Our grandparents didn't live as cloistered nuns and priests until the day of their wedding. They smoked and drank and hit each other and cussed and coveted and everything else.
The behavior hasn't changed, the society's reaction to it has. As TheVeiledThreat said, back then, it was "scandalous", today, it's not as much of a big deal.
Really? I mean you see this yourself, and it isn't some friend of a friend telling what they heard? Are you sure?
After that smackdown from Kantor, D'Souza should give up. D'Souza the grown-ups have spoken, you had better take that ball and go home. I'm sure at this point that the likes of Spenser and Hugh would be embarrassed to debate him further - it's like stealing candy from a kid.
In the above, it should have been "Spencer and Hugh". Thanks
Khaybar Oasis -- Right On! D'Souza views American tolerance of nasty lyrics, pornography, secularism, etc., as a reason morally traditional Muslims could support the mass killing of innocents. Seems an odd definition of morality to me.
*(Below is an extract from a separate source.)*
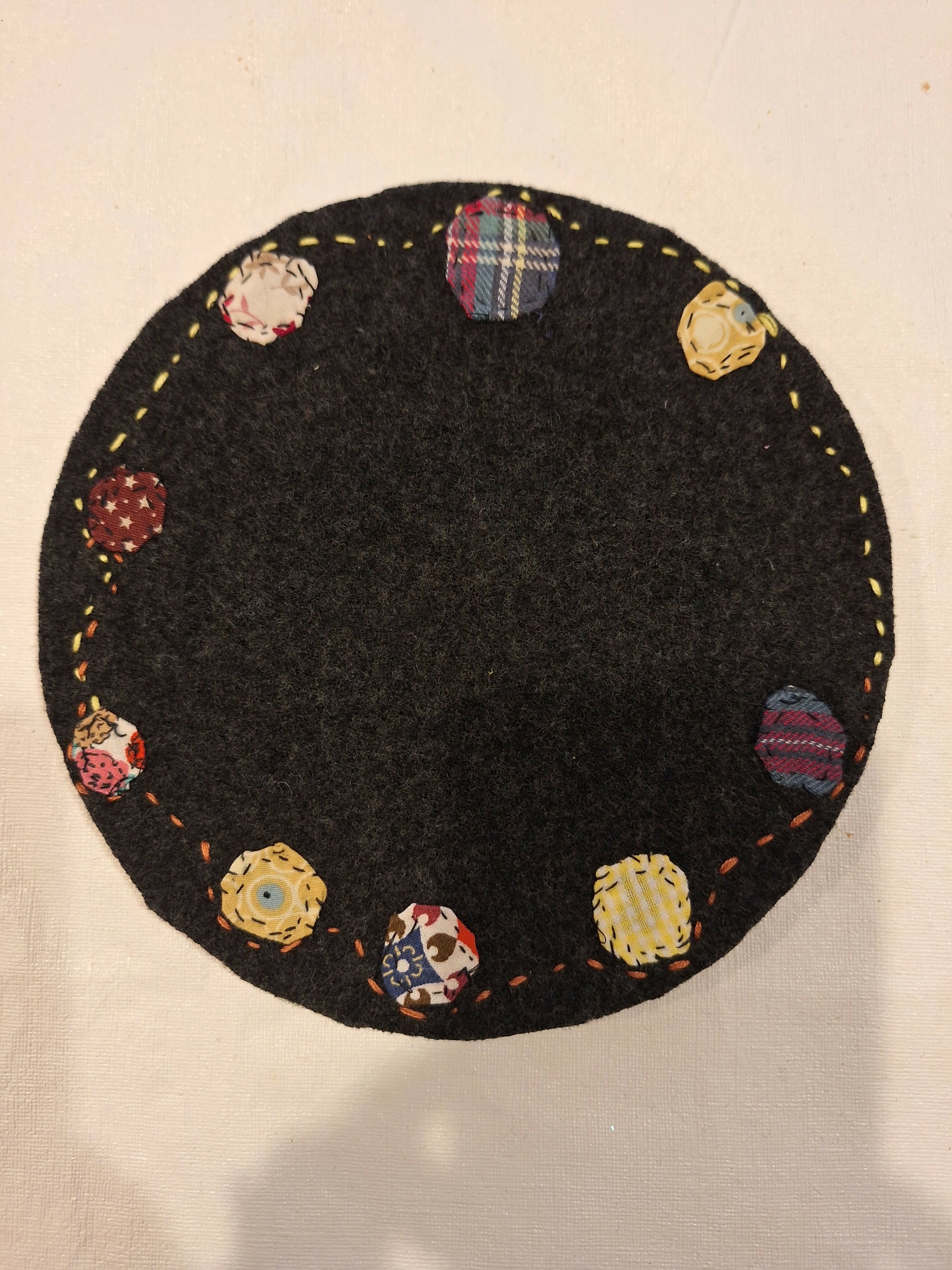 Boiled wool, hand embroidered trivet: Circles
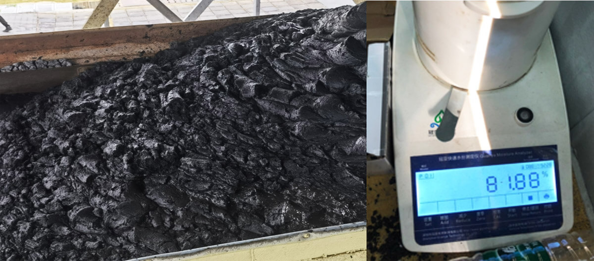 通過(guò)離心機(jī)脫水后,含水率 80%濕泥

Really? I mean you see this yourself, and it isn't some friend of a friend telling what they heard? Are you sure?
Posted by: special_guest
High schools have nurseries to care for the babies of students now. A doctor friend of mine told me about delivering a baby to a 10 year old girl. Things are worse now.
I do not know how old you are special_guest, but in my lifetime I can see the difference.
Infidel Pride, don't get me started about Rohan Oberoi. I've debated that SOB all over the internet. I'm the reason why that mofo has to now at least make a pretense of acknowledging the rationality of conservative arguments. He's another 30-something idle rich brat, who's been around a little longer than Dilip.
Anyway, I'd always figured that one day Dinesh would waver from his conservative facade and turn hypocritical. Now that his conservatism is faltering, I say good riddance to bad rubbish.